The “fixed rate” would be identified within the loan documentation but not hedged as such. No doubt at some point a global hedge would be put in place by the bank covering a series of historic loans with a similar “fixed rate” and repayment profile, but this was not loan specific. The Bank would rely on standard indemnity wording in its loan documentation in order to recover, for example, break costs but their calculation was done on a notional rather than an actual basis.
More recently, I have noticed that more banks prefer to put individual hedges in place on a transaction by transaction basis, often using the International Swaps and Derivatives Association (ISDA) documentation.
This documentation is, in my view, impenetrable and difficult for an ordinary customer to understand. I feel it is really intended for bank to bank use so is full of banking jargon.
It is difficult to see how anybody, other than certain specialist institutions, could advise a layman borrower on ISDA documentation. Unlike other finance documents, I don’t really believe that most lawyers are qualified to do so.
Ironically, ISDA documentation gives a borrower more protection than less. It certainly provides for break profits to be paid to a borrower whereas loan indemnities generally do not. However, most hedges based on ISDA documentation use LIBOR as their benchmark to calculate the difference between the rate applied and the rate hedged.

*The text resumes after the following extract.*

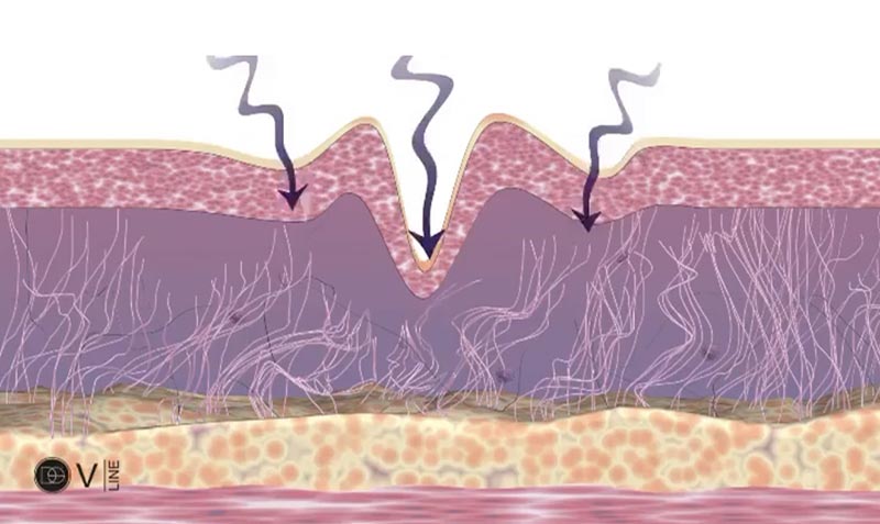 Wanneer je kiest voor een DSV-line collageenbehandeling, wordt er na een intensieve reiniging gestart met een microneedling behandeling en diepe bindweefselgrepen. Microscopisch kleine gaatjes, gecombineerd met een werkstofampul prepareren de huid op de collageendraden. Het restant van de werkstofampul wordt met stevige, diepe bindweefselgrepen weggemasseerd. De huid is nu klaar om het all-over collageenmasker op te nemen. Door de warmte van de huid en de werkstoffen, is het mogelijk van macro-draadjes een micro-opname te bewerkstelligen.

Therefore, the increased use of these kinds of instruments has left the banks open to the risk that consideration of the question of mis-selling of hedges may extend to the manipulation of LIBOR, as demonstrated by the Guardian Care Homes case.

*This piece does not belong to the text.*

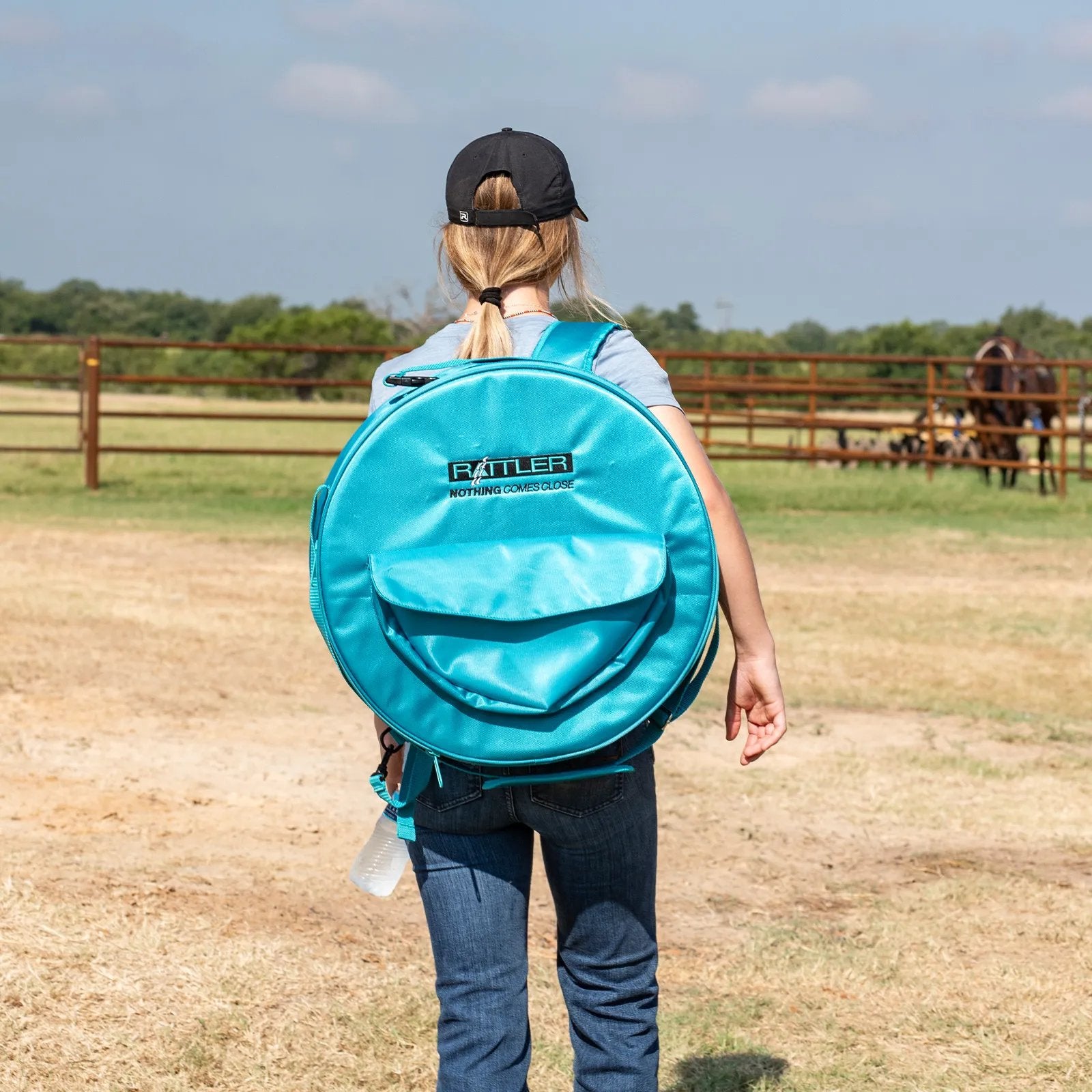 Breakaway ropers, don’t settle for just any rope bag. Choose the one that’s specifi cally designed for your event and your gear. This bag allows up to four ropes to rest without getting bound up. The lid fl ips completely open for easy access, and small essentials can be stowed in the interior and exterior pockets. The top handle has a clip to hang the bag on the fence, and carry it by the standard shoulder strap or adjustable backpack straps.

As for the customers, why should they care about how the bank benchmarks its interest rate?
The reality is that if a customer has a fixed rate in place the customer would be paying interest at a rate calculated using the fixed rate specified in any confirmation letter issued on completion.
The loser here would be the bank, as the hedge counterparties would be either paying too much or too little to itself depending on the calculation of LIBOR. This may not be the case if a different form of hedge instrument were in place, for example a cap and/or collar, where LIBOR may be used.
It’s easy to argue that where a customer has a fixed rate in place, LIBOR and it’s manipulation should not really have any bearing on what interest a customer physically pays on an on-going basis.
However, the decision of Mr Justice Flaux in this case indicates to me that the Court is concerned that the manipulation of LIBOR, although not maybe having a direct consequence on a fixed rate, is indicative of how the banks treat interest rates generally.
As LIBOR was a rate set within the banking industry itself, with no involvement of or reference to any external agency (other than the BBA), the decision seems to reflect the lack of trust that exists in respect of the
internal mechanisms of banks and their ability to set their own checks and balances. The steady flow of these decisions proves that banks should expect both more involvement in their affairs from agencies outside the direct banking sector and customers taking opportunities to mount legal claims against them, which may be treated more sympathetically against this backdrop of distrust.
The real difficulty for litigants seems to me to be in firstly linking the misquotation of any particular bank to have caused an artificial LIBOR (or other rate); and, secondly, showing that artificial rate caused a loss which would be recoverable from that particular bank, it’s all a question of causation.
As I said, the storm clouds are gathering and I see no sign of them abating in the short to medium term. How this will leave the banking industry when the blue skies return is difficult to predict but I suspect it will be a much changed (and chastened) animal to the one that existed in the past.